Bronze is used to cast bells, and in the olden days, artillery pieces were made of special gun bronze.
Molten bronze fills complex shapes better than copper and steel. It has less shrinkage and does not form voids during cooling. Therefore, it is beloved by masters of artistic casting.
When and why the Bronze Age?
It took the place of the Copper Age and, in some places, bronze came directly from the Stone Age. In different places, the Bronze Age came at different times and varied in length. The oldest bronze articles are 6000 years old and have been found in Iran and Iraq.
Most likely, ancient metallurgists accidentally discovered ore containing tin besides copper.
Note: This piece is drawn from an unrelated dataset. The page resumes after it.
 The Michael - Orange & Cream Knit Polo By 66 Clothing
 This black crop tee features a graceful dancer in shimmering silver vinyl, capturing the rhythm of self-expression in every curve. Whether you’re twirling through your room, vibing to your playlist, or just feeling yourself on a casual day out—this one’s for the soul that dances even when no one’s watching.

Smelting it, they unexpectedly got a new material and quickly came to appreciate its advantages.
Copper is soft and goods made of it quickly lose their sharp edges and become deformed. Bronze tools, weapons, utensils, and jewelry served better, more reliably, and longer.
Do they make bronze money now?
There are over three dozen countries that make bronze coins. These include Mexico, Singapore, Ukraine, Iran, Tanzania, Uruguay, and New Zealand. Some countries do bronze-only coating of coins or their outer ring (Canada, South Africa, Jordan, Venezuela, and others).
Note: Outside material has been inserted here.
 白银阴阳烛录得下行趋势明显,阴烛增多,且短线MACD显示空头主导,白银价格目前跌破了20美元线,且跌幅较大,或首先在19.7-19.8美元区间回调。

Bronze is a “mint” material: hard, rather light, and inexpensive. The latter makes it especially favorable for the state: its production costs are insignificant. Bronze does not need to be exported abroad, as it is neither gold nor silver. To cut weight and production costs, the coins are usually minted from aluminum bronze. Besides it is more durable, corrosion-resistant, and golden yellow.
What do you use to clean bronze pieces in the home?
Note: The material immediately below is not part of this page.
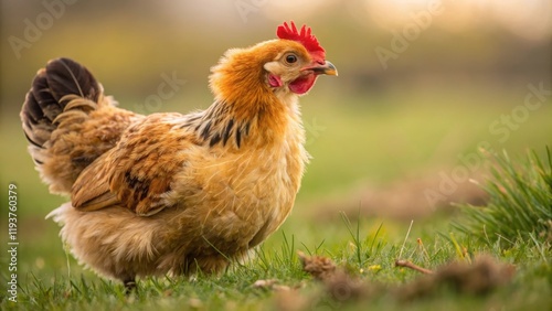 © Normal Desing, Fototapeta premium Charming hen roaming freely countryside farm animal photography natural setting close-up perspective wildlife exploration

You can restore the shine and brightness of bronze doorknobs, candlesticks, etc. by cleaning them with a pulp of lemon juice and baking soda or a “dough” of chicory powder mixed with water.
If the item is small or disassembled into parts, you can boil it with yellow peas for a few hours.
But experts advise simply wiping the bronze with a flannel flap with no “chemicals”. A clear darkish film on the surface of the metal will remain, but it is this that gives it the charm of antiquity.